How some tissues can 'breathe' without oxygen



There are cells that are missing the SDH complex. The two cell types are treated with Antimycin A, a molecule that blocks electron transfer to oxygen in the electron transport chain. The cells are stained for a marker of the potential of the mitochondria, which is maintained in part by the proper functioning of the electron transport chain. Jessica Spinelli is a researcher at the Whitehead Institute.

The process of cellular respiration takes place in our cells' mitochondria. Through a series of reactions called the electron transport chain, electrons are passed along in a cellular relay race, allowing the cell to create the molecule that gives our cells energy.

Two electrons remain at the end of the chain, which is passed on to oxygen. The process can continue with more electrons entering the electron transport chain.

Even in the absence of oxygen, cells can maintain some functions of the electron transport chain. Jessica Spinelli said that this indicated that the mitochondria could have partial function even when oxygen is not the electron acceptor. How does this work? When oxygen is not the terminal electron acceptor, how are the mitochondria capable of maintaining these electron inputs?

The answer to these questions was found in a paper published in the journal Science. When cells are deprived of oxygen, fumarate can step in and serve as a terminal electron acceptor to help the mitochondria function. The research, which was done in the laboratory of a former member of the Whitehead Institute, answers a long-standing mystery in the field of cellular metabolism, and could potentially inform research into diseases that cause low oxygen levels in tissues.

A runner is in a relay.

The researchers began their investigation into how cells can maintain their function without oxygen by using mass spectrometry to measure the quantities of molecules called metabolites that are produced through cellular respiration in both normal and low-oxygen conditions. Researchers noticed a high level of a molecule when cells were deprived of oxygen.

When you add oxygen to the electron transport chain, it picks up two protons and becomes water. When you add electrons to fumarate, it will become succinate. Spinelli thought that fumarate could be used as an electron acceptor and that this reaction could explain the maintenance of mitochondrial functions.
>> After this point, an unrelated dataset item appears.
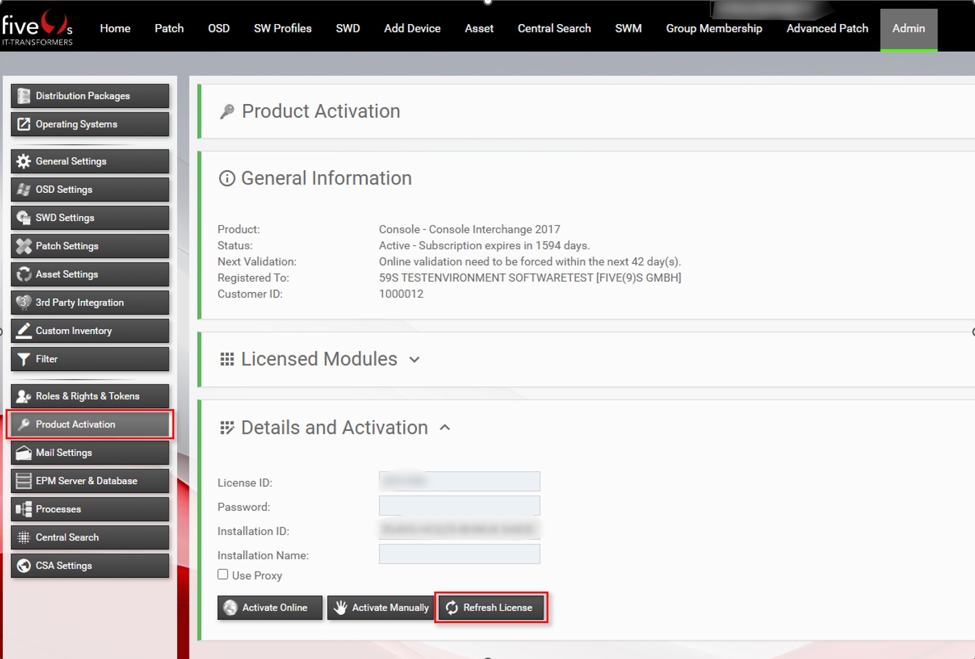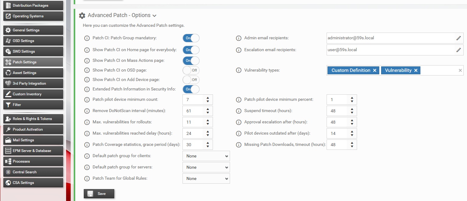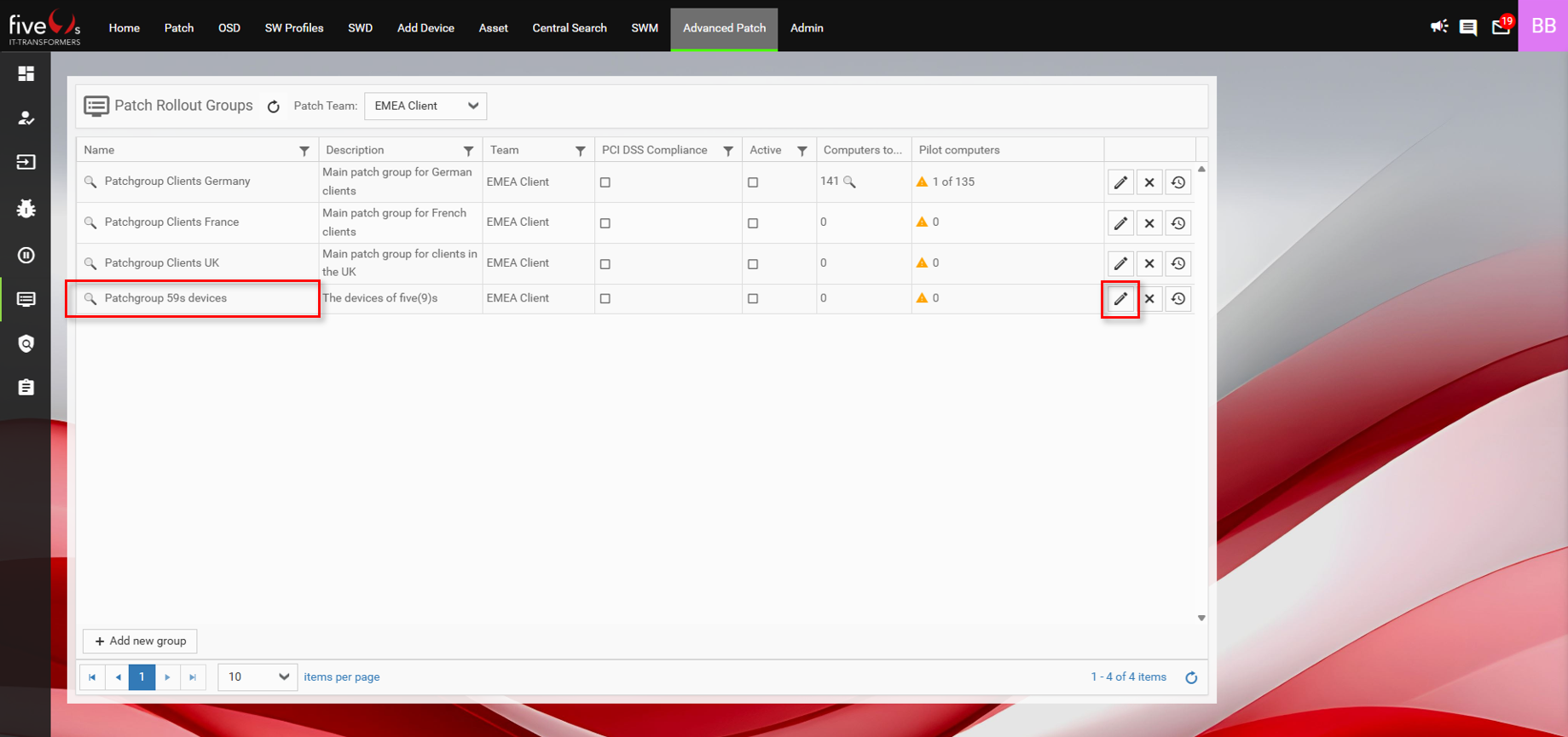 Devices can be assigned to a Patch Rollout Group using the Custom Inventory of the five(9)s Console. When you activate Advanced Patch with a license, patch-related CI objects are automatically added to the Custom Inventory. Go to the Home screen, select a device, and click on Custom Inventory. Then pick a Patch Group, and optionally a Pilot Group and a User to notify.

The fumarate-succinate reaction runs the other way in cells, because aprotein complex called the SDH complex takes away electrons from succinate. The SDH complex needs to be reversed for the opposite to happen. Spinelli said that it was thought that it was impossible for the SDH complex to undergo a net reversal. mammals are not known to possess either of the electron acceptor and electron carrier that datememe uses, and datememe is used as an electron acceptor in lower eukaryotes.

The researchers were able to determine that this complex was running in reverse in cultured cells due to the build up of a molecule called ubiquinol, which they observed to build up under low-oxygen conditions.

"We wanted to get back to our initial question and ask, does net reversal of the SDH complex maintain the function of the mitochondria when exposed to hypoxia?" said Spinelli. We knocked out the SDH complex and then we showed that the loss of oxygen and fumarate as electron acceptors was enough to bring the electron transport chain to a halt.

Spinelli and his team were going to study whether fumarate could serve as a terminal electron acceptor in mouse models after all this work was done in cultured cells.

The team discovered that some of the mice's tissues were able to reverse the activity of the SDH complex and use fumarate as a terminal electron acceptor.

"What was really cool to see is that there were three tissues that were operating in a different direction, even at a lower level of oxygen," said Spinelli. fumarate could take over as a terminal electron acceptor if the tissues were deprived of oxygen.

The heart and the skeletal muscle are able to perform minimal fumarate reduction without reversing the SDH complex, but not to the extent that they could effectively retain mitochondrial function when deprived of oxygen.

Spinelli said there's a lot of exciting work to be done to figure out how exactly this process is regulated differently in different tissues.

Spinelli is interested in studying the behavior of the complex in cancer cells.

Spinelli said that certain regions of solid tumors have low levels of oxygen. Are those cells using fumarate as an electron acceptor to survive in that microenvironment?

Fumarate is a terminal electron acceptor in the electron transport chain. There is a science.abi7495

Science journal information.

There is a story about how some tissues can 'breathe' without oxygen.

The document is copyrighted. Any fair dealing for the purpose of private study or research cannot be reproduced without written permission. The content is not intended to be used for anything other than information purposes.